Maximum Product After K Increments

Maximum Product After K Increments - Problem

You are given an array of non-negative integers nums and an integer k. In one operation, you may choose any element from nums and increment it by 1.

Return the maximum product of nums after at most k operations.
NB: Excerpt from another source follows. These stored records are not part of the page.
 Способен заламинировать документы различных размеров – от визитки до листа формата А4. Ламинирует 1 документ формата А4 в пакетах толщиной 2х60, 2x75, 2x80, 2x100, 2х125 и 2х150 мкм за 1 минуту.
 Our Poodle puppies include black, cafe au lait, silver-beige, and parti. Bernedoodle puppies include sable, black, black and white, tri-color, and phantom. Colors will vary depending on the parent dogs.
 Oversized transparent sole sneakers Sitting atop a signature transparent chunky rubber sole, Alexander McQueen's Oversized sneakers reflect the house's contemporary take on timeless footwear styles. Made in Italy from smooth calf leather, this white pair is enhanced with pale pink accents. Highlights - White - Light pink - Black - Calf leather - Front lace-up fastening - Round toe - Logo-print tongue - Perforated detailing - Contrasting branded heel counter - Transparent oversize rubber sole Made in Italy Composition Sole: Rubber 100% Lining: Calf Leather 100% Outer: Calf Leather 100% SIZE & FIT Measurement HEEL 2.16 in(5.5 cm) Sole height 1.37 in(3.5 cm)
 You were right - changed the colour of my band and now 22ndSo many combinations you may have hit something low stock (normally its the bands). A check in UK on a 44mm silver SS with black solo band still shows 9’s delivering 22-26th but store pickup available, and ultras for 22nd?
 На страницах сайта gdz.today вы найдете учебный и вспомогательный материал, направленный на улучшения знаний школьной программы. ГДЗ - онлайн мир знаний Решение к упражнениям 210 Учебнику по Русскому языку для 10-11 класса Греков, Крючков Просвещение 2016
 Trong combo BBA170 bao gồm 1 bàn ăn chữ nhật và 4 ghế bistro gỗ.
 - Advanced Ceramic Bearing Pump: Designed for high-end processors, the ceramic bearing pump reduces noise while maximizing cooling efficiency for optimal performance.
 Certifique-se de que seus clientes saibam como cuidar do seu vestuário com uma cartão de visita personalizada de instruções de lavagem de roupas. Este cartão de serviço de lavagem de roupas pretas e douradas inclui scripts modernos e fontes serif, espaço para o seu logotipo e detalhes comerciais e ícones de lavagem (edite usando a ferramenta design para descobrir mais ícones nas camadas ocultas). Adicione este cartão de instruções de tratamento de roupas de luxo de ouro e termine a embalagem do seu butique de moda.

Since the answer may be very large, return it modulo 10⁹ + 7.

Note that you should maximize the product before taking the modulo.

Input & Output

Example 1 — Basic Case

$ Input: nums = [0,4], k = 5

› Output: 20

💡 Note: Increment the first element 5 times: [0,4] → [5,4]. Product = 5 × 4 = 20.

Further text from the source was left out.